From the line holding "장 강사는 스페인 베니도룸" through the line holding "(2) Imiotsakute asukoht" below, write out every line exactly; include both of those lines and drop the pictures.

....

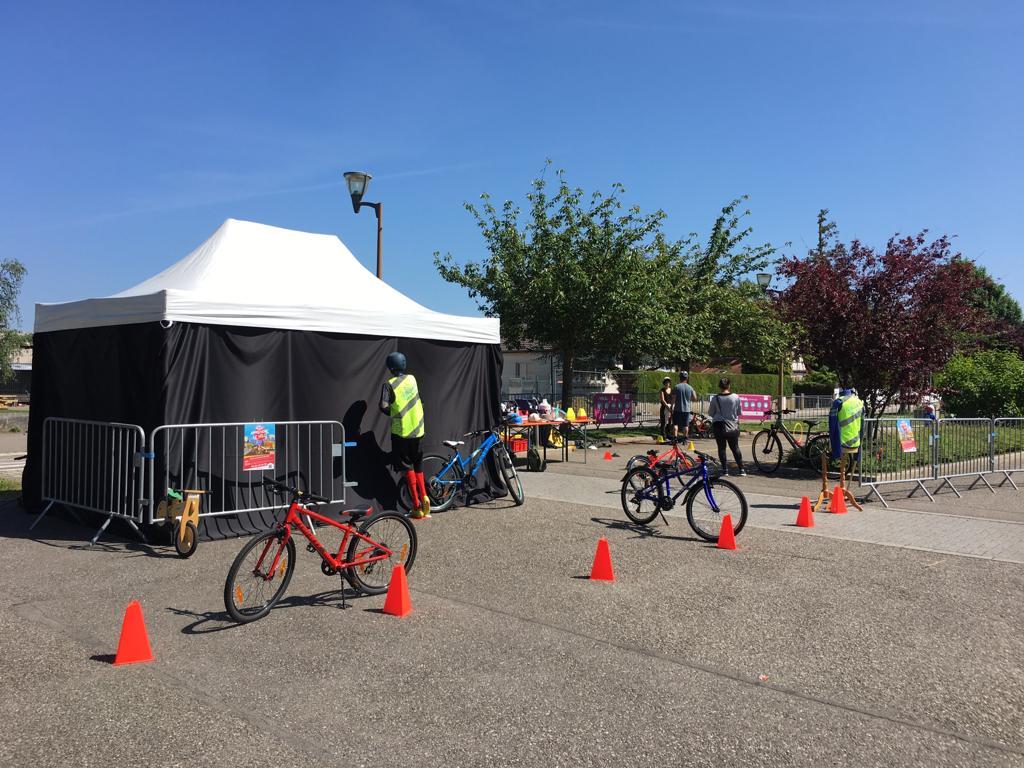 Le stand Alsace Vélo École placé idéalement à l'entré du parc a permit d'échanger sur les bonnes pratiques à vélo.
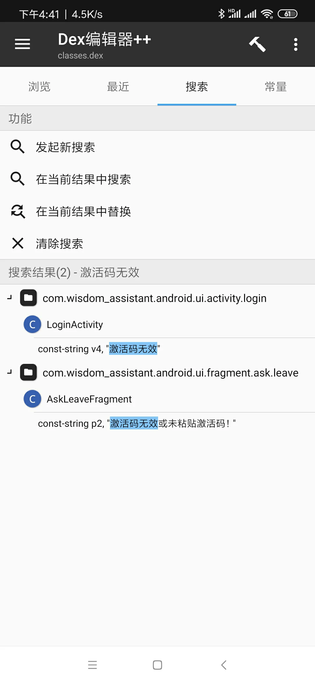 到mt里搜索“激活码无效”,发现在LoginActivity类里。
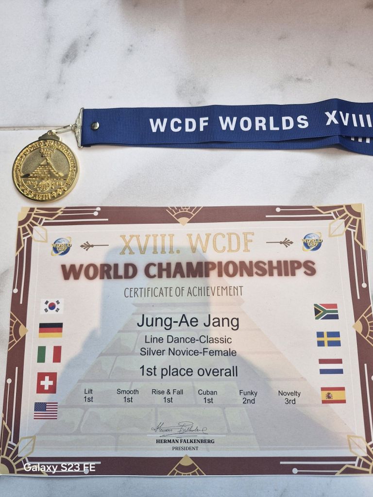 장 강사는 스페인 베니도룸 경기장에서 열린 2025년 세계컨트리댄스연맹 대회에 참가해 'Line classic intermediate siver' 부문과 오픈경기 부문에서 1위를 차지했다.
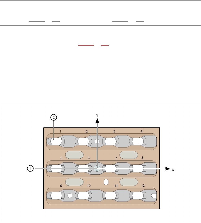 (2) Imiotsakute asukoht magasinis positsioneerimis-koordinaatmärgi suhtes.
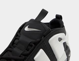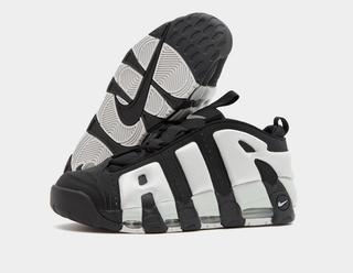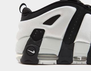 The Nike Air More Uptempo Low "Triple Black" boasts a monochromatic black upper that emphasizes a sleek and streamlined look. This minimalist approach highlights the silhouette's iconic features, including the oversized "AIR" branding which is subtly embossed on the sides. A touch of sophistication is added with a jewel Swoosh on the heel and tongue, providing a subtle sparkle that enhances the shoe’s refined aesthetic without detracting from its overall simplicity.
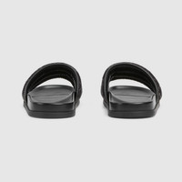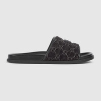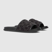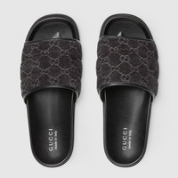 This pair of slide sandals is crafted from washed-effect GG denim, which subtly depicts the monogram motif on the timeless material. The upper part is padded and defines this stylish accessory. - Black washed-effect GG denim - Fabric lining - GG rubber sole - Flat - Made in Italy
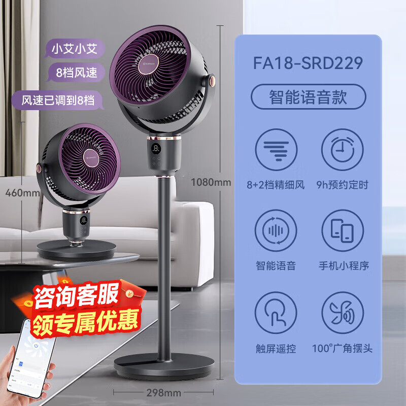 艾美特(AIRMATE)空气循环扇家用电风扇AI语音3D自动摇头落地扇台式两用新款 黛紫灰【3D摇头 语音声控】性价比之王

....

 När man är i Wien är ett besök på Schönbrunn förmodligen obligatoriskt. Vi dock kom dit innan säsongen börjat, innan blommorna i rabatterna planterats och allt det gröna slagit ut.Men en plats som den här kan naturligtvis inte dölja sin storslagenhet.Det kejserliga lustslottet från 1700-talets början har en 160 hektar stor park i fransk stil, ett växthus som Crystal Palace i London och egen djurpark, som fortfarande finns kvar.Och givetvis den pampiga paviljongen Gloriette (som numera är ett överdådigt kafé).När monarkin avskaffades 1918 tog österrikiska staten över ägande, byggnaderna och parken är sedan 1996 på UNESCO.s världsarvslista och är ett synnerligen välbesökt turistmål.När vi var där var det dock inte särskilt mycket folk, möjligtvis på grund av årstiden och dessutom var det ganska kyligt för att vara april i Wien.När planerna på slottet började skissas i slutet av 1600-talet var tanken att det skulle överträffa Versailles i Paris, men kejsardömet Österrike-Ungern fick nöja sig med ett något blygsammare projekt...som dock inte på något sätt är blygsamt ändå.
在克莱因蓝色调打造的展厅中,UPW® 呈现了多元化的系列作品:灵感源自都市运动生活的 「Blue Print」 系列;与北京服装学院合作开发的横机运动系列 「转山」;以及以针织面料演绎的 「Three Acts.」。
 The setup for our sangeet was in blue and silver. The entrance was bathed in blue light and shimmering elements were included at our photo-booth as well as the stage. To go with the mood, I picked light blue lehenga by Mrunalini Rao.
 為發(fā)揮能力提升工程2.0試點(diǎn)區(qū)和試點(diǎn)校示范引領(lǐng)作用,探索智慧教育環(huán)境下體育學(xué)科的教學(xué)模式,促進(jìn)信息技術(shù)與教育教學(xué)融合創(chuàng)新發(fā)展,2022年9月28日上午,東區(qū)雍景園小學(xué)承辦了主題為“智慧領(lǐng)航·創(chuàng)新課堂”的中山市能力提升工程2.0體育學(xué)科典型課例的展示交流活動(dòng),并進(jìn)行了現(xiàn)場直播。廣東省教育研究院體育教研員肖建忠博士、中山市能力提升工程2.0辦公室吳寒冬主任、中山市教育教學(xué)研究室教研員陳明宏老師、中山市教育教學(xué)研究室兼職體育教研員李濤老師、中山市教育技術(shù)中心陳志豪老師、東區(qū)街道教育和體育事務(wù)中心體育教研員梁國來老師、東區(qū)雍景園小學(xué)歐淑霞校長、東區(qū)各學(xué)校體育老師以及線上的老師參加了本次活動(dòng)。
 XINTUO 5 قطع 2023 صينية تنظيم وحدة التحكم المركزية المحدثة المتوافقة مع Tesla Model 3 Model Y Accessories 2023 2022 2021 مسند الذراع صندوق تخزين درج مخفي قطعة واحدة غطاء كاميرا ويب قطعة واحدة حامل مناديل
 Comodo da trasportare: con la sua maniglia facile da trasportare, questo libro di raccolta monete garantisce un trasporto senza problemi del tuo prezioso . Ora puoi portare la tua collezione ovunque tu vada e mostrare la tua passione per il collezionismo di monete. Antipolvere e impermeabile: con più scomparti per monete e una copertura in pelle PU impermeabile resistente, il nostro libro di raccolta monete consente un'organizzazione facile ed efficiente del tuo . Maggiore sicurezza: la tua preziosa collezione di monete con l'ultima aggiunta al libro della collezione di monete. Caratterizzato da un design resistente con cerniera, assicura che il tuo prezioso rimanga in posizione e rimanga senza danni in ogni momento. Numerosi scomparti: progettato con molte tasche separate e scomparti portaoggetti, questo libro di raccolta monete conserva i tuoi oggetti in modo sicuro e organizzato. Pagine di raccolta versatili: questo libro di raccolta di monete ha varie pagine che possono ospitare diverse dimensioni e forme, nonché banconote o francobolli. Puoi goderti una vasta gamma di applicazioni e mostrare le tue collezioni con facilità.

....

▶ **FINISHED TASK**
 장 강사는 스페인 베니도룸 경기장에서 열린 2025년 세계컨트리댄스연맹 대회에 참가해 'Line classic intermediate siver' 부문과 오픈경기 부문에서 1위를 차지했다.
 (2) Imiotsakute asukoht magasinis positsioneerimis-koordinaatmärgi suhtes.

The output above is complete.